[INPUT DATA]
————————
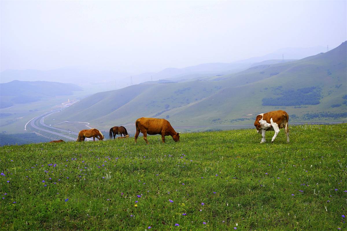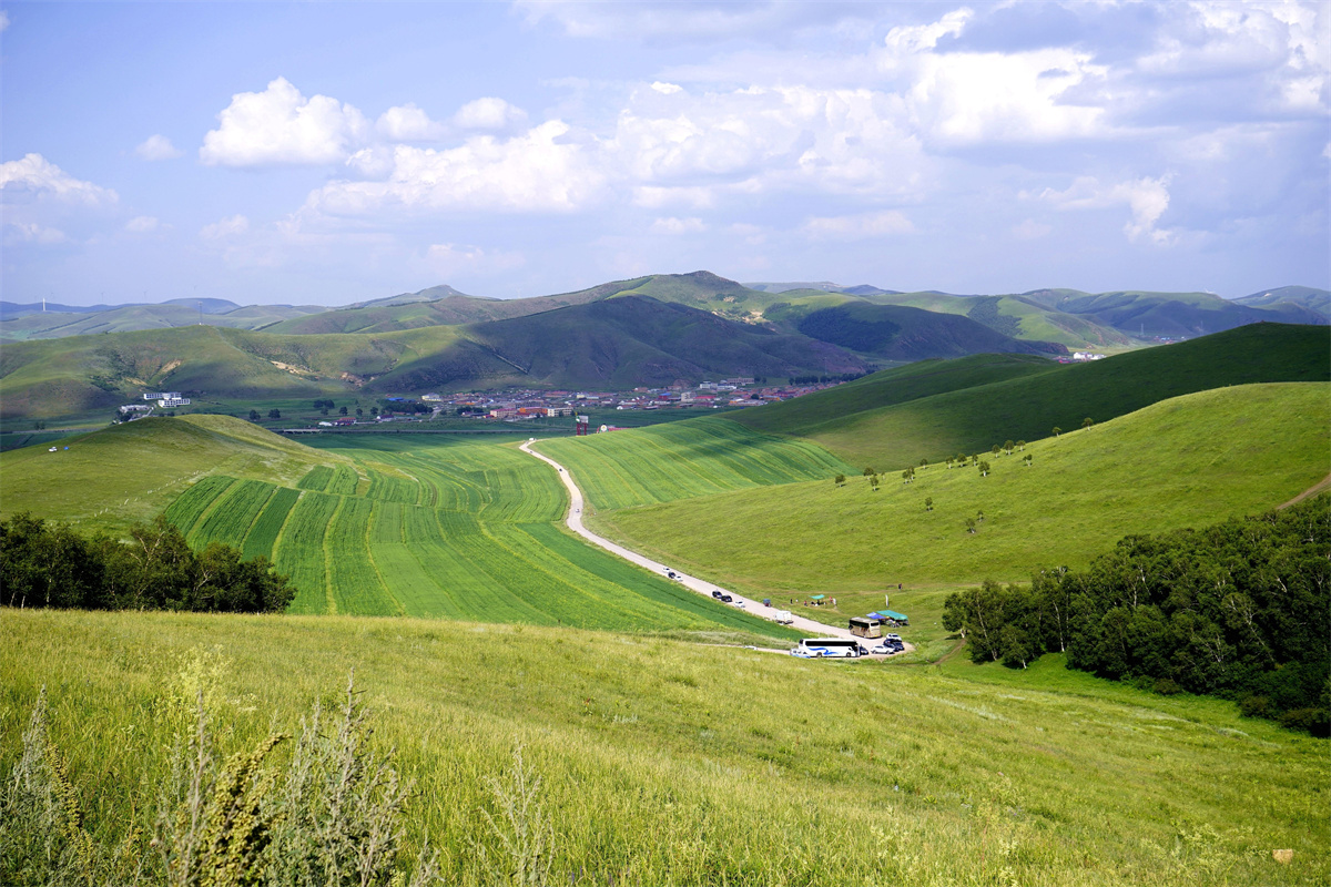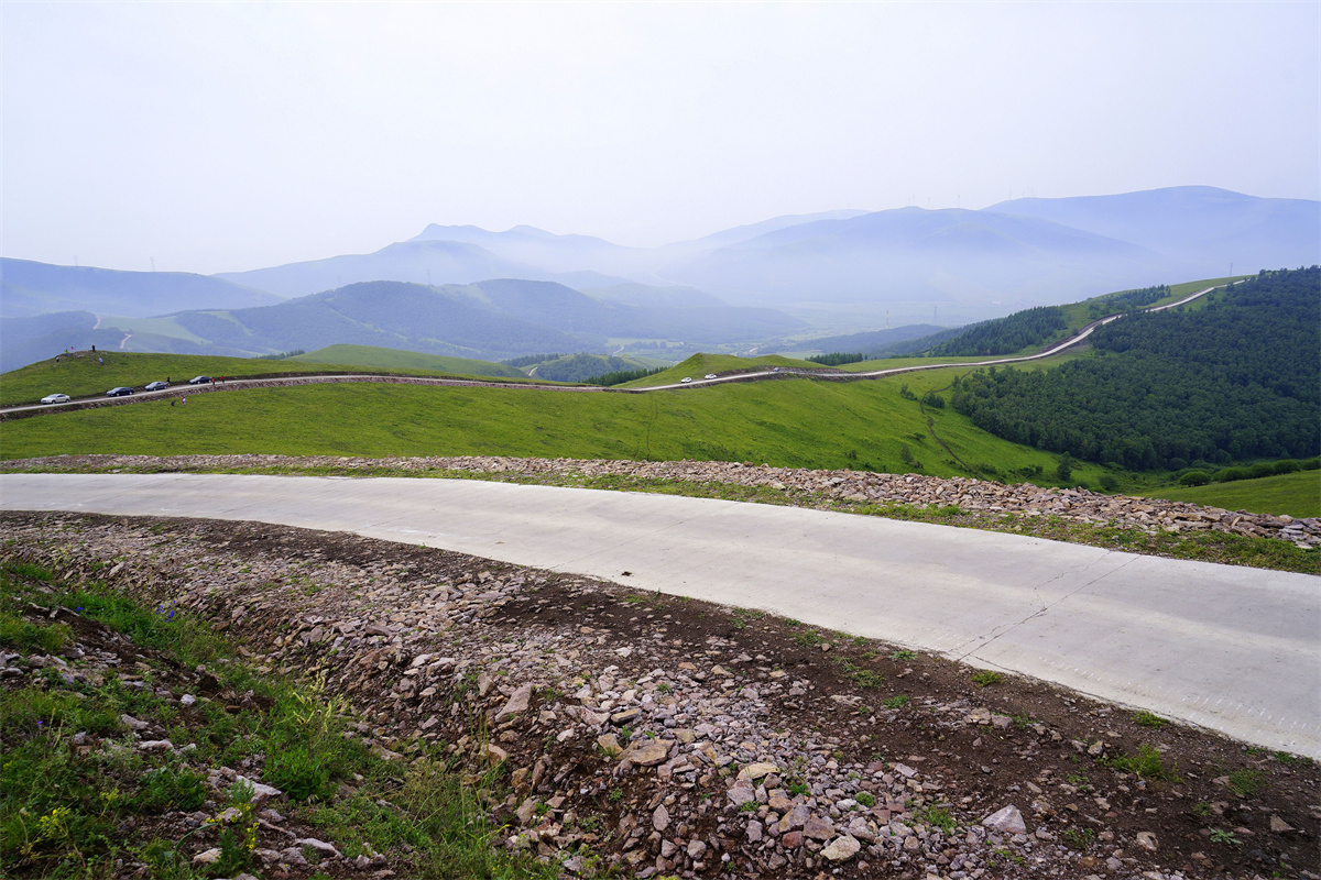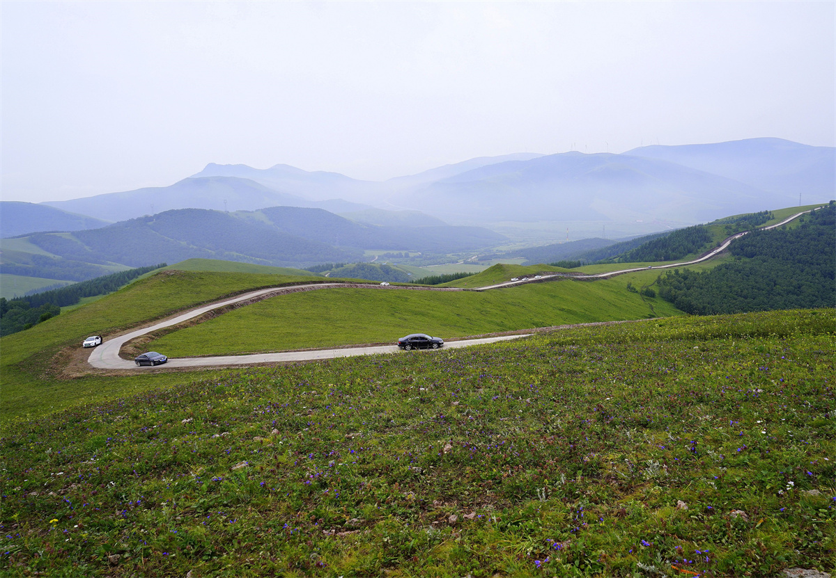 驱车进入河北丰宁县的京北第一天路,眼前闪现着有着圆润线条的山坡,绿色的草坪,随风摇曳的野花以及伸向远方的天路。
————————
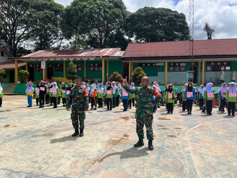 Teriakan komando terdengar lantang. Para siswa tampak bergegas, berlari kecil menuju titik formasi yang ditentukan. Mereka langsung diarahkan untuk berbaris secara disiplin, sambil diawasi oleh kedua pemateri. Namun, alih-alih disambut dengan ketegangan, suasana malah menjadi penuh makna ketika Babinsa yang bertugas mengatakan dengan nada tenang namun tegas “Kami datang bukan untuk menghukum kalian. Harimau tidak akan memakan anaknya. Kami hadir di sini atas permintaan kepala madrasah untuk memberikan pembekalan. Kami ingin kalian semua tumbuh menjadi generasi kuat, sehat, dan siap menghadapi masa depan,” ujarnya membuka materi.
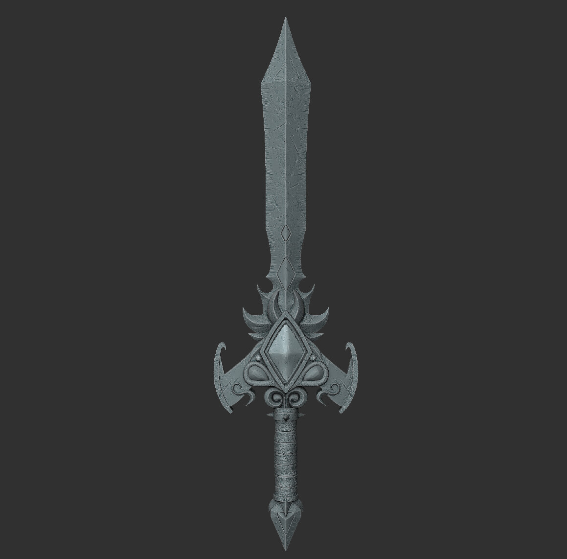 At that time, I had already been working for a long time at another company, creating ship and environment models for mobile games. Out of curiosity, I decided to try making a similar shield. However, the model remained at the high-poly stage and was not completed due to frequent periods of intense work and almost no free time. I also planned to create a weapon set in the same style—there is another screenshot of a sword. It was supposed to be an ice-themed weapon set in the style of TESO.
————————
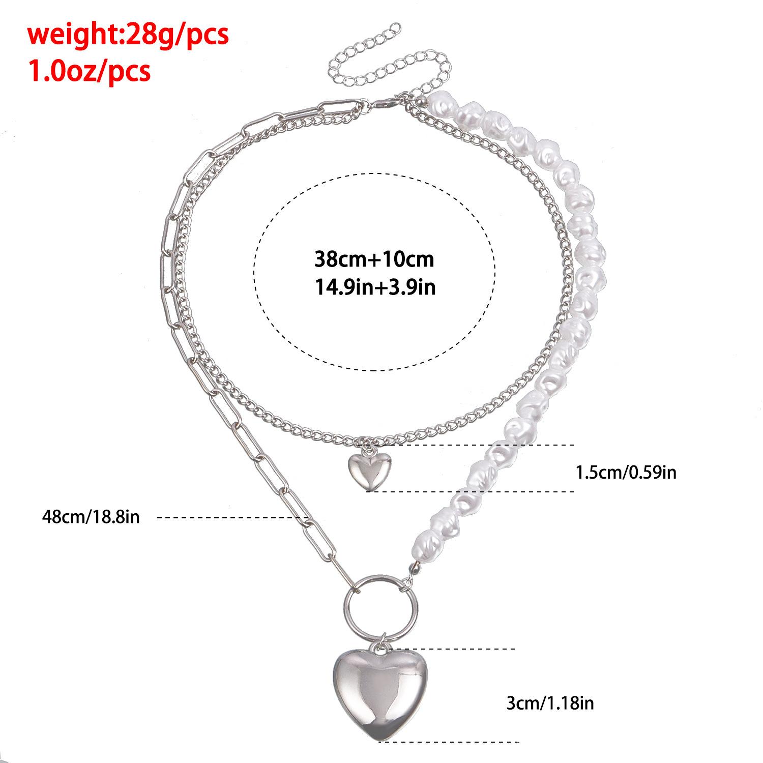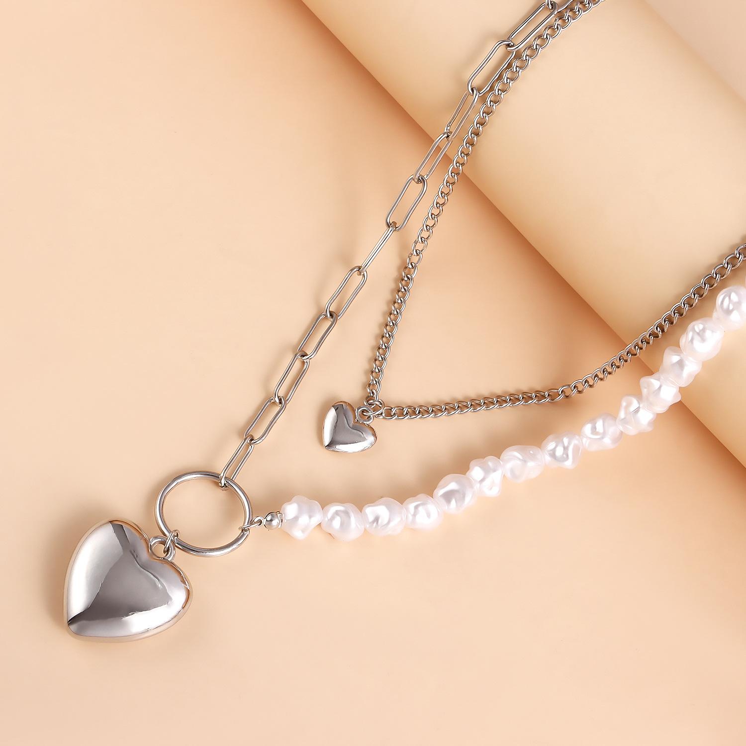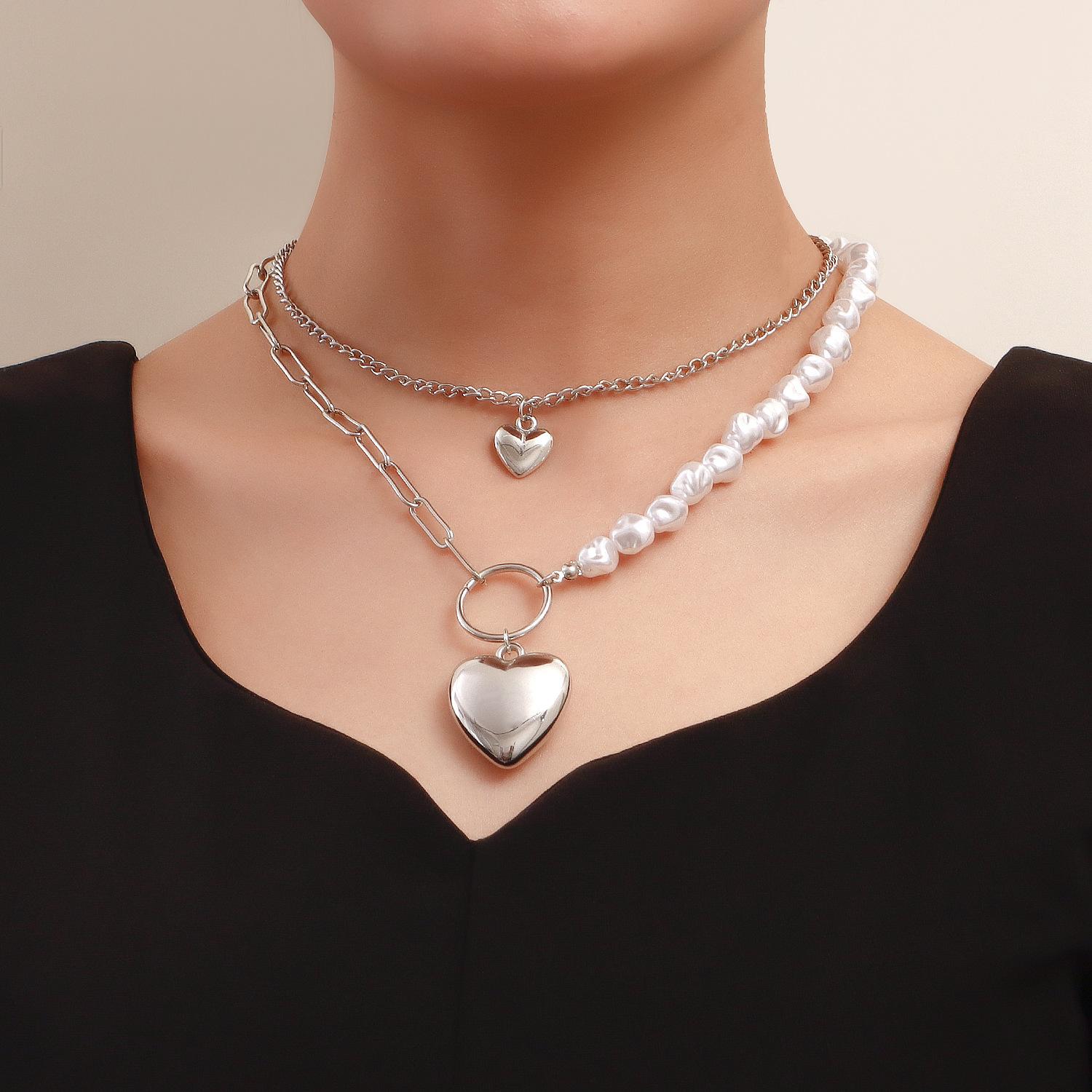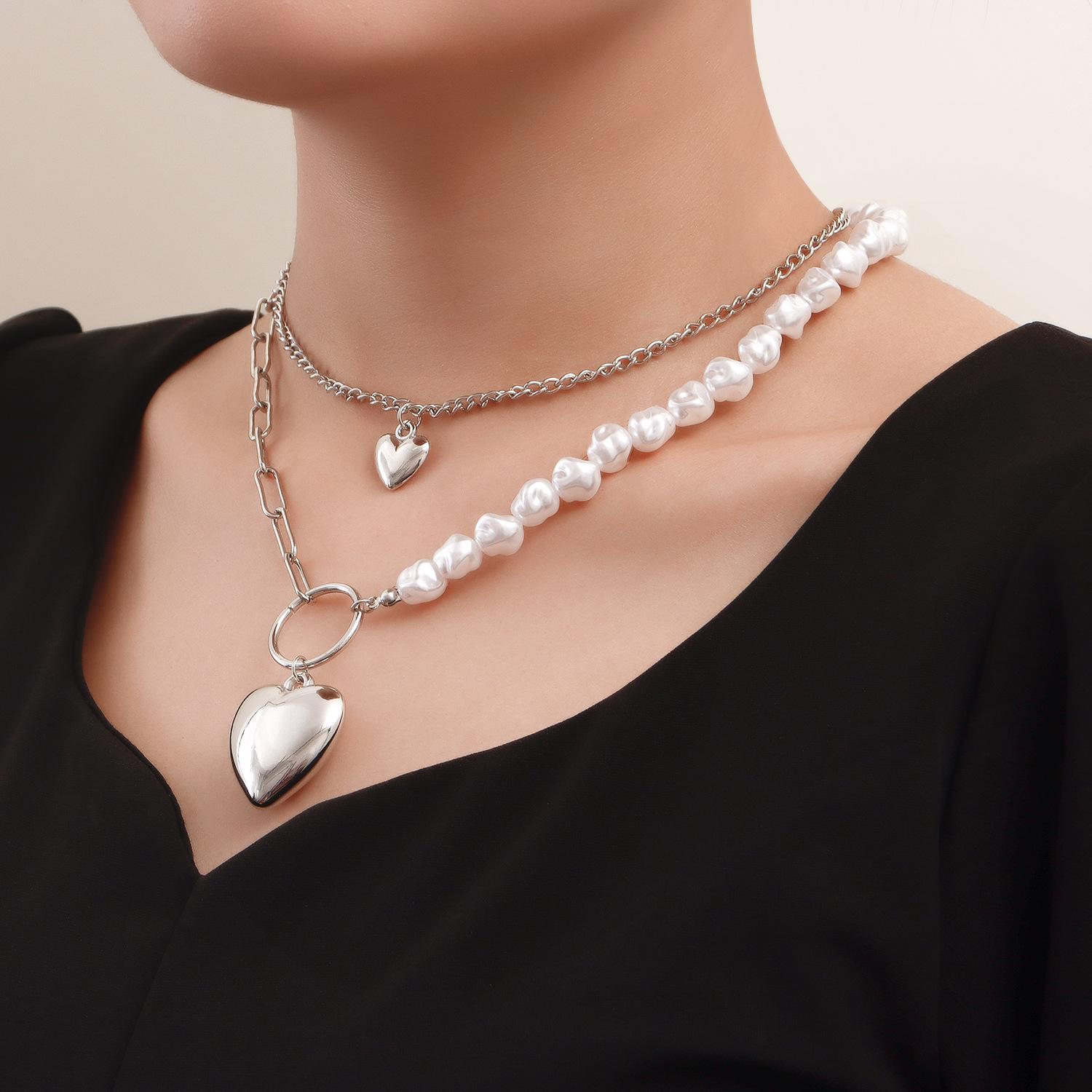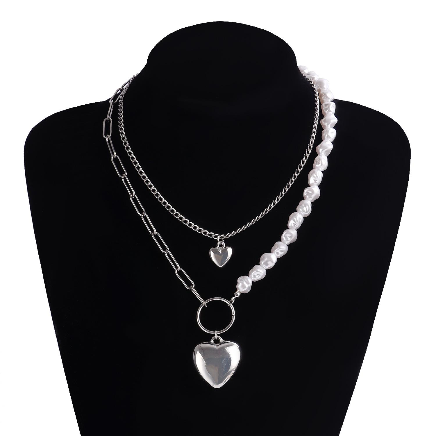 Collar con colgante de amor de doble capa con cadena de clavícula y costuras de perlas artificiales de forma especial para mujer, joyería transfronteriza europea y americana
————————
[HOW TO COMPLETE THIS TASK]
Using the records above, print exactly the lines between the ones containing "Teriakan komando terdengar" and "At that time, I", inclusive, and nothing else; no pictures.

[RESULT OF THIS TASK]
 Teriakan komando terdengar lantang. Para siswa tampak bergegas, berlari kecil menuju titik formasi yang ditentukan. Mereka langsung diarahkan untuk berbaris secara disiplin, sambil diawasi oleh kedua pemateri. Namun, alih-alih disambut dengan ketegangan, suasana malah menjadi penuh makna ketika Babinsa yang bertugas mengatakan dengan nada tenang namun tegas “Kami datang bukan untuk menghukum kalian. Harimau tidak akan memakan anaknya. Kami hadir di sini atas permintaan kepala madrasah untuk memberikan pembekalan. Kami ingin kalian semua tumbuh menjadi generasi kuat, sehat, dan siap menghadapi masa depan,” ujarnya membuka materi.
 At that time, I had already been working for a long time at another company, creating ship and environment models for mobile games. Out of curiosity, I decided to try making a similar shield. However, the model remained at the high-poly stage and was not completed due to frequent periods of intense work and almost no free time. I also planned to create a weapon set in the same style—there is another screenshot of a sword. It was supposed to be an ice-themed weapon set in the style of TESO.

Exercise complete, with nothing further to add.